Это всё ты (СИ) - Тодорова Елена
Какого хрена она продолжает это?! Какого, мать вашу, хрена?!
Нахожу эту Киру. Пара песен, ром-кола, и приглашаю ее покататься. Но тачка моя с места не двигается. Даже мотор не завожу. Целую, пока она не теряет голову, заскакивая на меня верхом, чтобы тереться о мой стояк мокрой щелью.
«Да пошли они! Оба!» – думаю в процессе.
– Давай рачком, зай…
«Надо было соглашаться на эту чертовую дружбу…»
Прижимаю Киру лицом к заднему сиденью и так жестко трахаю, что влажные шлепки, должно быть, слышны даже на улице.
«Нет, не надо… Конечно, не надо… Правильно сделал, что отшил…»
Кира кончает в процессе. Я гораздо позже, когда кажется, что после этого спринтерского забега крайне близок к остановке сердца. Вытаскиваю член, сдергиваю презерватив и, додрочив рукой, сливаю ей на лицо.
– Ты такая охуенная… – нахваливаю, когда она терпеливо принимает толчок в рот и с горящими глазами вылизывает мне не только ствол, но и яйца.

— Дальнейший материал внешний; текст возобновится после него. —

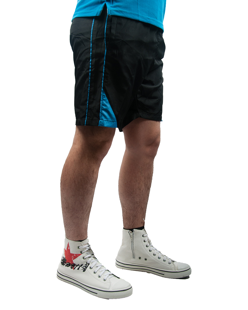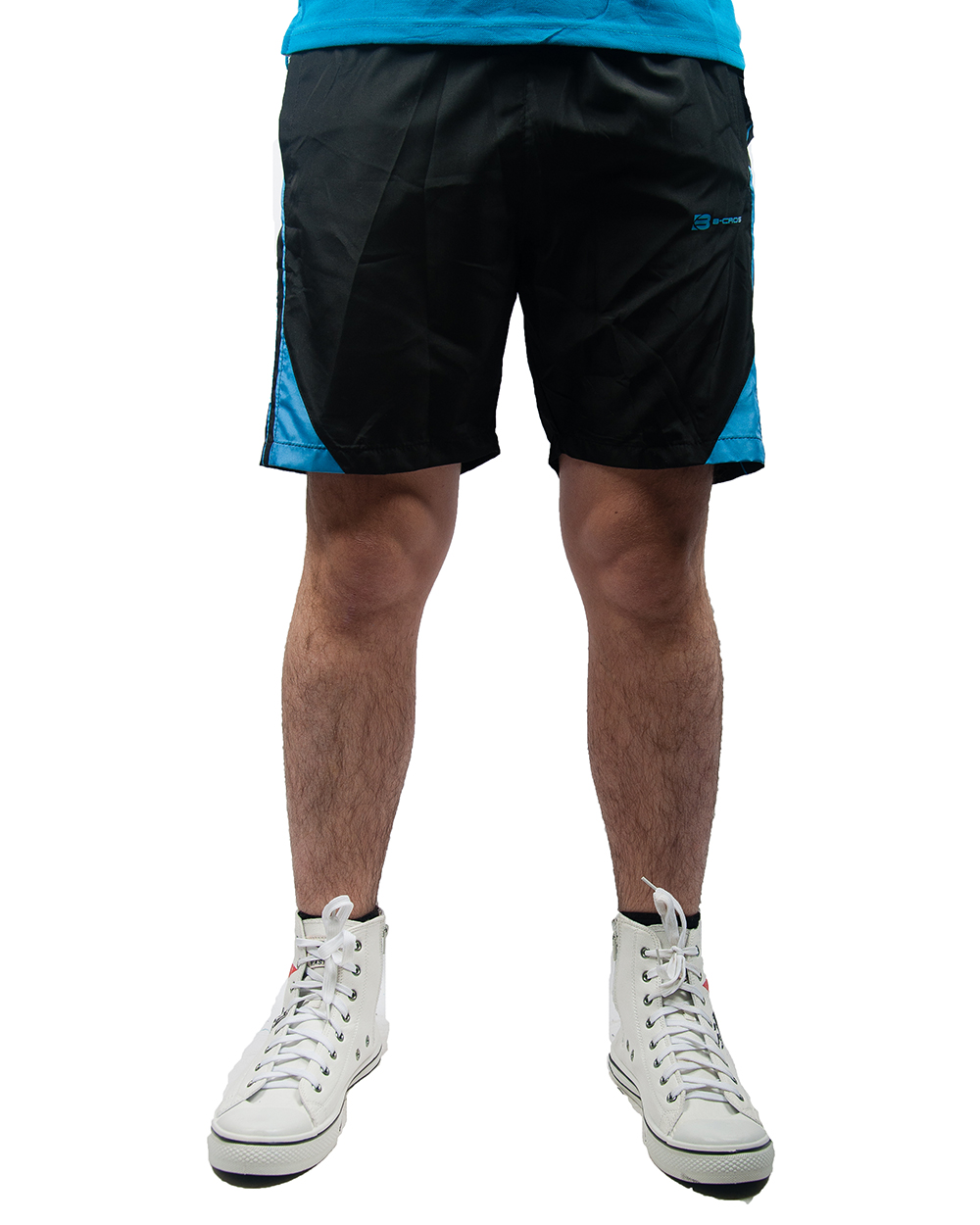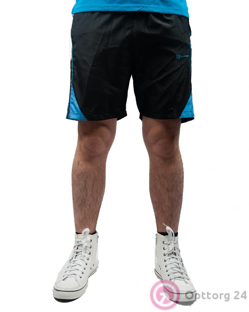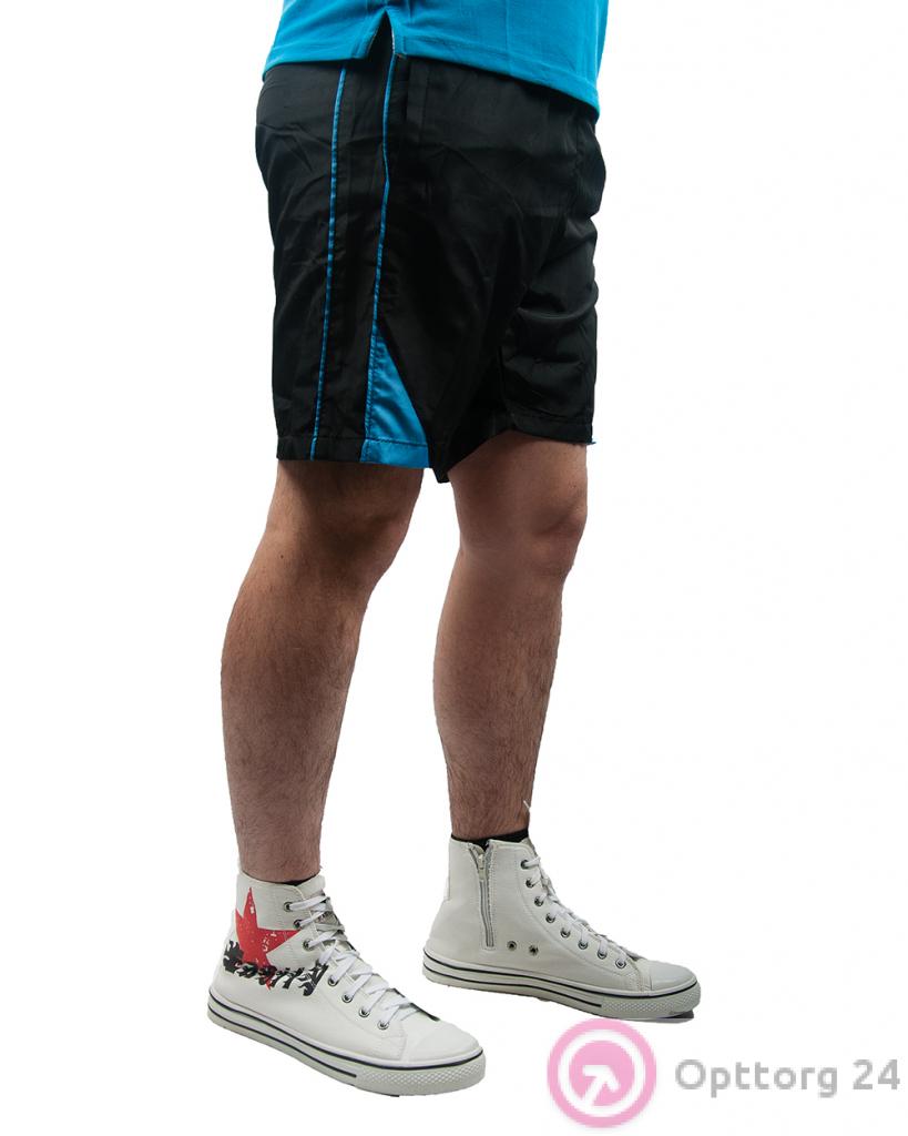 Шорты мужские спортивные черные с голубыми вставками оптом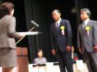 01日(月) 夏休み12日目。4時半に起床して、ホームページの作成と更新をする。7時半に出勤し、テーブルクロスを利用して教室用のスクリーンを作成する。黒板に対して、少し広すぎたようだ。さて今日は、緑化コンクールの表彰ならびに研修会である。総合女性センターは駐車場が狭いということで、川上先生が学校へ迎えにきてくれた。早めに受付を済ませ、表彰式のリハーサルを行う。いよいよ本番。校名を呼ばれ、二人で壇上に上がる。井芹中は「KAB賞」である。このときテレビカメラを持つスタッフが、壇上で私たちを撮影した。表彰の後は講演会になり、12時に閉会。外は雨。学校へ帰る途中、レストランで昼食をとる。

После с трудом от этой заи избавляюсь. Приходится отвезти домой.
– До понедельника, Ян, – шепчет и целует меня в шею.
Я киваю и, едва дождавшись, пока она скинет свою задницу за борт, срываюсь с места.
11
…я тебя, сука, умножу на ноль…
© Ян НечаевСледующую неделю я всеми силами и любыми способами пытаюсь вычеркнуть из своей биографии ту позорную истину, что при выборе специальности, которая определит мое будущее, руководствовался не умом, а никому на хрен не упавшими чувствами.
Я реально не трогаю Ю. Вообще никак не задеваю. Даже этого попугая Валика на игнор задвигаю. Лишь бы опровергнуть тот чертов факт, что я делаю все, чтобы привлечь внимание Юнии Филатовой.
Изредка на нее смотрю.
Блядь…
Ок, не совсем изредка. Ебучку на беззвучку я отправить в состоянии. Но глаза себе выколоть, увы, нет. Срываю их, залипая на Ю.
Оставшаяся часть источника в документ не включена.